A second novel observation from quantitative and metabolic standpoints was that the extent of Plg conjugation with oxPtdPC was not affected by Lp-PLA2. This suggests that under basal conditions, Lp-PLA2 does not play a critical role in the metabolism of Plg-bound oxPtdPCs during transport in the circulation. Lack of activity may be due to peculiar Plg conformations that prevent the candidate linkage sites from interacting with Lp-PLA2, an interpretation consonant with in vitro studies in which oxPtdPC was not cleaved when mouse Plg was incubated with Lp-PLA2. We recognize that in our in vitro studies we utilized a recombinant rather than a naturally occurring Lp-PLA2 that, in the mouse plasma, under normal conditions is expected to be essentially all bound to HDL [4]. We believe, however, that the validity of our in vitro experiments is supported by the results of our in vivo studies in KO mice. In our previous study, cleavage of oxPtdPCs linked to human Plg occurred but only under conditions of a high enzyme to substrate ratio and prolonged times of incubation [3].

Further studies are needed to determine whether the number of oxPtdPCs linked to Plg increases in settings of elevated oxidant and/or inflammatory stress and to assess whether Lp-PLA2 modulates this process.

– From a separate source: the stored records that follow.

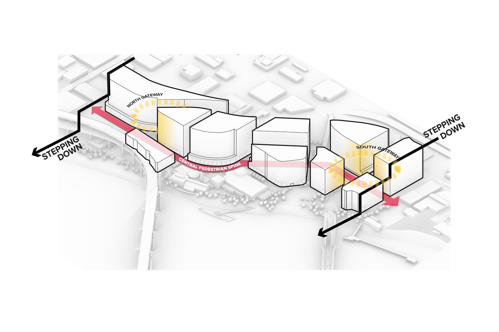 The master plan organizes the district through four major framework components: two distinct gateways, a central north-south pedestrian spine, a "ladder" of east-west connections, and a collection of gathering nodes. Design tenets respond to the existing context: honor the scale of OMSI buildings through height limits and setbacks, focus activity on the central pedestrian spine, step buildings down to the river, create gateways at the north and south ends of the district, and provide east-west connections to establish or reinforce connections to the river.
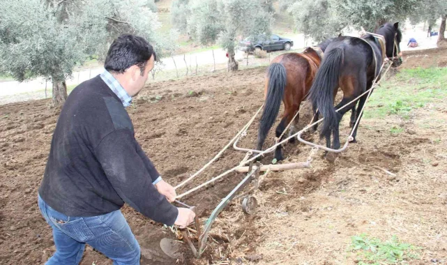 Aydın'da kurak geçen son iki yılın ardından bu yıl mevsim yağışları ile birlikte çiftçiler tarlaya erken indi. Özellikle traktörlerin işlemediği sarp arazileri sabana koştukları atlarla sürüp işleyen çiftçiler, yağışlardan dolayı mutlu olduklarını belirttiler.
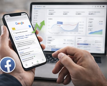 אנחנו מנהלים קמפיינים חכמים בפלטפורמות של Google והרשתות החברתיות, עם מיקוד בתוצאות אמיתיות ולא רק בקליקים.
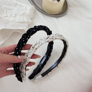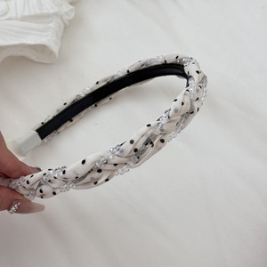 ファッションレトロな波点水晶巻きカチューシャ女性2025新高級感のあるカチューシャ髪飾り
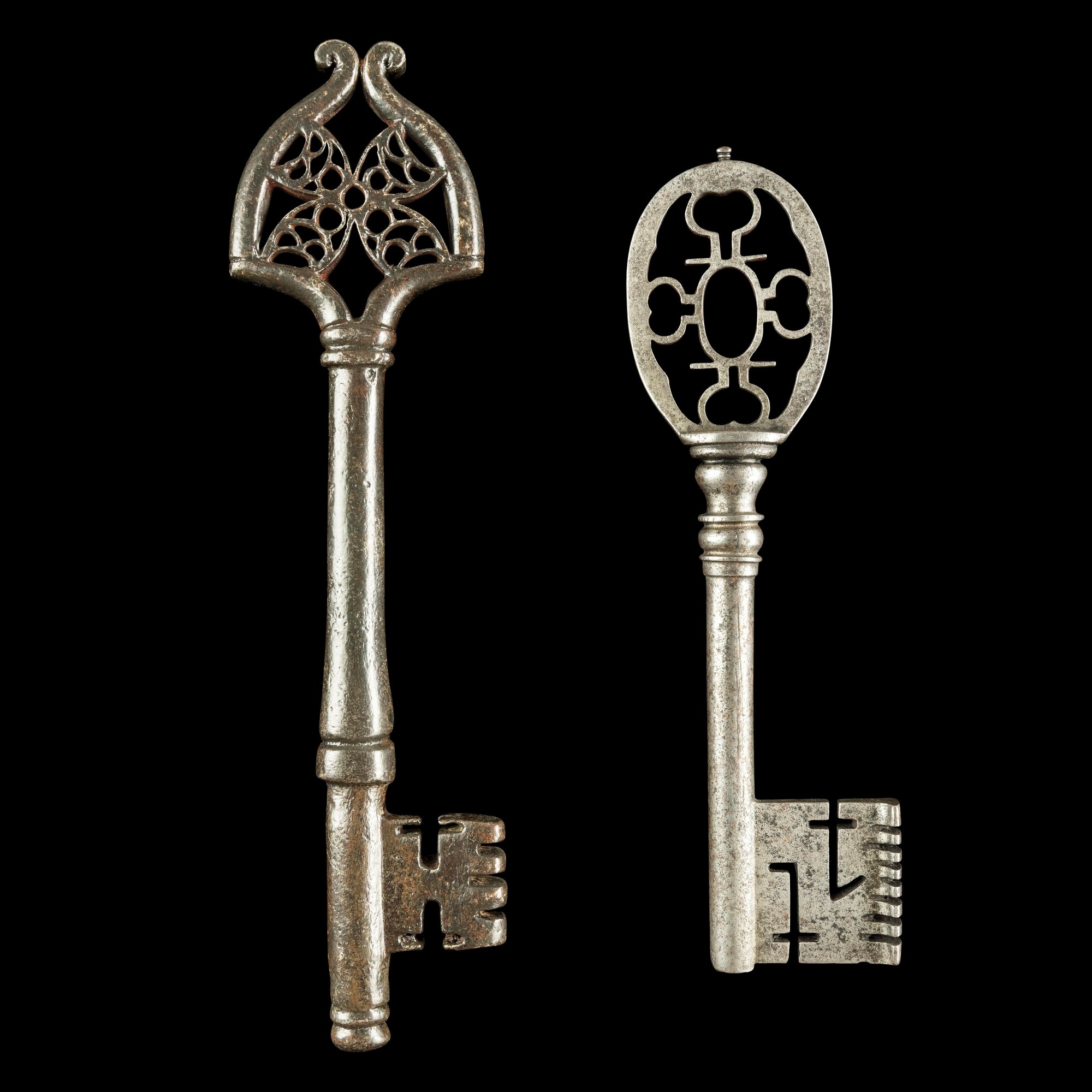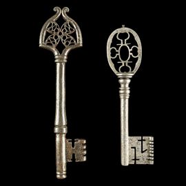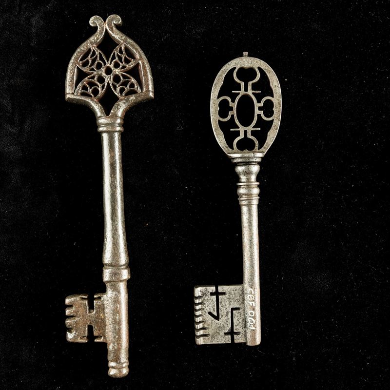 Una chiave da portone e una clé de mariage in ferro forgiato. Francia e Alto Adige, XVII secolo

These analyses may provide important clues to explain why Plg has pathological cardiovascular properties, an issue emerging from recent studies in Plg-deficient mice [12]. In this regard, plasma from transgenic mice expressing human apo(a) contain Lp(a)/apo(a) with bound oxPtdPCs proposed to contribute to uremia-induced atherosclerosis [13,14]. However, the potential contribution by the oxPtdPC-Plg adducts cannot be ruled out. Considering our observation that Plg is the major oxPtdPC carrier in the circulation, contrary to an early belief [15], we may speculate that Plg modulates OxPtdPC metabolism in the circulation, in physiological and possibly pathological settings.

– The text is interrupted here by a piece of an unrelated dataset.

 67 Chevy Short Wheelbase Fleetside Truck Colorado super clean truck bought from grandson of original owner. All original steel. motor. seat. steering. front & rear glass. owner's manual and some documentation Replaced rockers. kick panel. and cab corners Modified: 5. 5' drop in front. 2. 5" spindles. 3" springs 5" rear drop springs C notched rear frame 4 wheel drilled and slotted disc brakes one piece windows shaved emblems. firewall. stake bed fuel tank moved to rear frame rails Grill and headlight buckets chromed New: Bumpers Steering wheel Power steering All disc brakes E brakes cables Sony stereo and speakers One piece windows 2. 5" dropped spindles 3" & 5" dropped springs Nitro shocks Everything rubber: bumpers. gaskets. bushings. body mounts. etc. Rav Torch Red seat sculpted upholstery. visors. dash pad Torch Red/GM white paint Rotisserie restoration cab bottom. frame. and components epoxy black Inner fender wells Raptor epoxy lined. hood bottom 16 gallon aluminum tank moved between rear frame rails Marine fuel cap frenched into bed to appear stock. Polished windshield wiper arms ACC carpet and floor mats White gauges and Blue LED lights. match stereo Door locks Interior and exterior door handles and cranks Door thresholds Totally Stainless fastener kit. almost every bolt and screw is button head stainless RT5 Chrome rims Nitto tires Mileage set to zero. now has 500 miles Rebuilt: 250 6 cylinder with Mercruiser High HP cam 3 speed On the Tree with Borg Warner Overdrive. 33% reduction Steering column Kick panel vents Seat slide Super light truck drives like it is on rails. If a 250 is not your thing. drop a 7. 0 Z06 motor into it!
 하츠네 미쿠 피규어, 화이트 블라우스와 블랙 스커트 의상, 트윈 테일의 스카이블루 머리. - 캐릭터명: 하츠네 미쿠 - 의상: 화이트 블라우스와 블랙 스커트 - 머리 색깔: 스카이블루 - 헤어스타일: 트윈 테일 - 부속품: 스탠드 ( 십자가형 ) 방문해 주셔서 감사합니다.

In the current and previous studies, the number of linked oxPtdPCs was limited to 1 or 2. In the case of apo(a), the modification involved specific microdomains within kringle V [1,3], suggesting that a kringle repeat(s) may also participate in linkage of OxPtdPCs to Plg. Under physiological conditions it is possible that the formation of Plg adducts reflects a mechanism to shield potential pro-inflammatory OxPtdPCs from metabolism during transport in the circulation. To rigorously test this, it would be ideal to compare the properties of Plg adducts harboring various amounts of oxPtdPCs. Unfortunately, given the chemical nature of the oxPtdPC-Plg linkage, the lipid component is not amenable to extraction by organic solvents; drastic procedures would likely result in denatured, unsuitable bio-products. Also unfortunate is the fact that Lp-PLA2 cannot be utilized to generate OxPtdPC-free Plg. Mutagenic approaches should prove useful, but it will be necessary to first identify the oxPtdPC linkage site on Plg.

Conclusions

In conclusion, under physiological conditions, mouse Plg, like its human counterpart, carries chemically linked oxPtdPCs that are not cleaved by Lp-PLA2, an enzyme known to be active on oxidized phospholipids associated with plasma lipoproteins. Future studies will elucidate the molecular basis for lack of recognition and/or metabolism of Plg-bound oxPtdPCs by Lp-PLA2. These studies should provide a platform to assess possible relationships between oxPtdPCs, Plg, and Lp-PLA2 under stressed and pathological conditions. Work along these lines may have broad physio-pathological implications, including issues related to the function of the pro-atherogenic lipoprotein Lp(a).